Maddy Tarnofsky for Intervenors-Respondents.
ELLERIN, P.J., WILLIAMS, WALLACH, BUCKLEY, FRIEDMAN, JJ.
Order and judgment (one paper), Supreme Court, New York County (Elliott Wilk, J.), entered December 21, 1998, which denied petitioner landlord's application pursuant to CPLR article 78 to annul respondent Division of Housing and Community Renewal's (DHCR's) determination that the apartment in question was subject to rent stabilization, and dismissed the proceeding, unanimously affirmed, without costs.

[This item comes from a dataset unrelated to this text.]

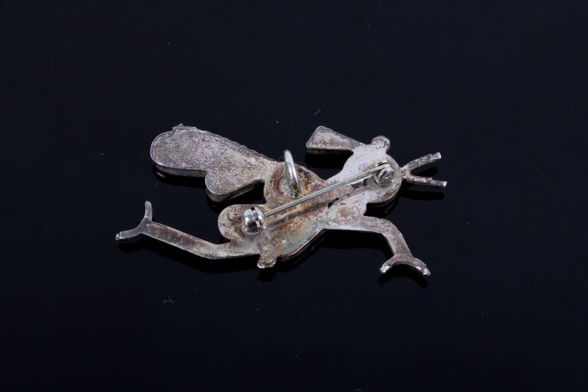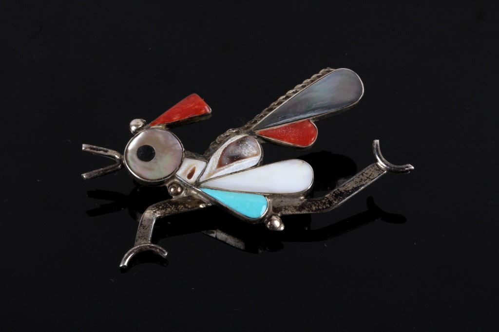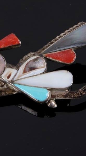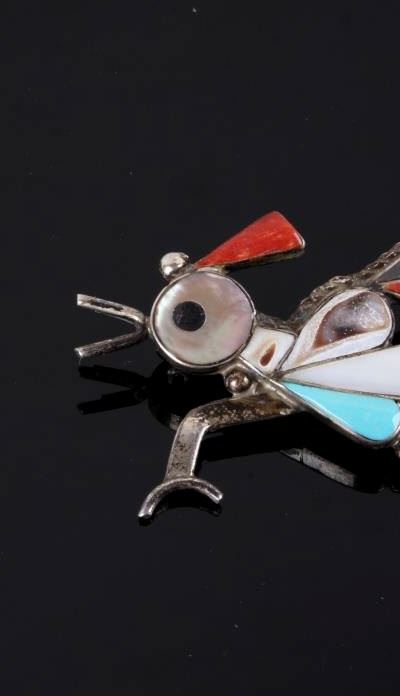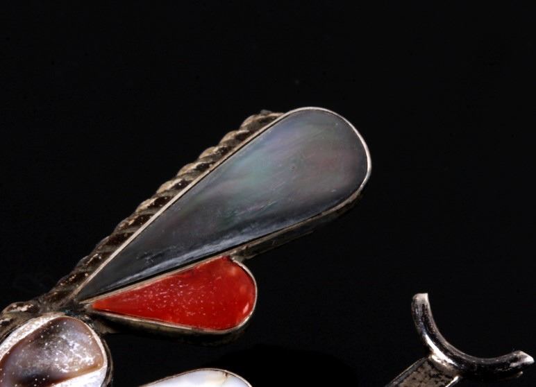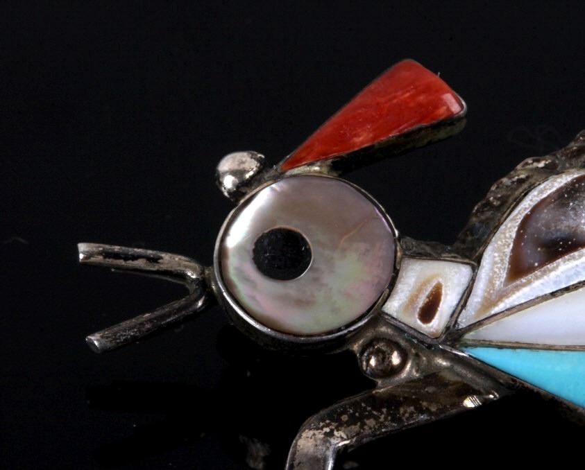 Available for your bidding pleasure is this Zuni Native American Sterling Silver Road Runner Brooch. This pendant shows a multi-stone construction such as Fox Turquoise, Abalone, and Branch Coral. The brooch also features three polished silver nuggets. This piece shows excellent quality and condition and measures 2" wide and 1" tall.

The IAS court properly declined to disturb DHCR's determination that the apartment in question remained subject to rent stabilization, since the improvements made to the apartment, and the subsequent allowable rent increase, pursuant to9 NYCRR § 2522.4, did not bring the legal regulated rent to an amount exceeding $2,000. In this connection, DHCR's determination to disallow costs attributed to plumbing work was rationally based since petitioner failed to submit sufficient documentation specifying the work performed and its cost (see, 985 Fifth Ave., Inc. v. State Div. of Hous. Community Renewal, 171 A.D.2d 572, lv denied 78 N.Y.2d 861; see also, Pechock v. State Div. of Hous. Community Renewal, 253 A.D.2d 655).
THIS CONSTITUTES THE DECISION AND ORDER OF SUPREME COURT, APPELLATE DIVISION, FIRST DEPARTMENT.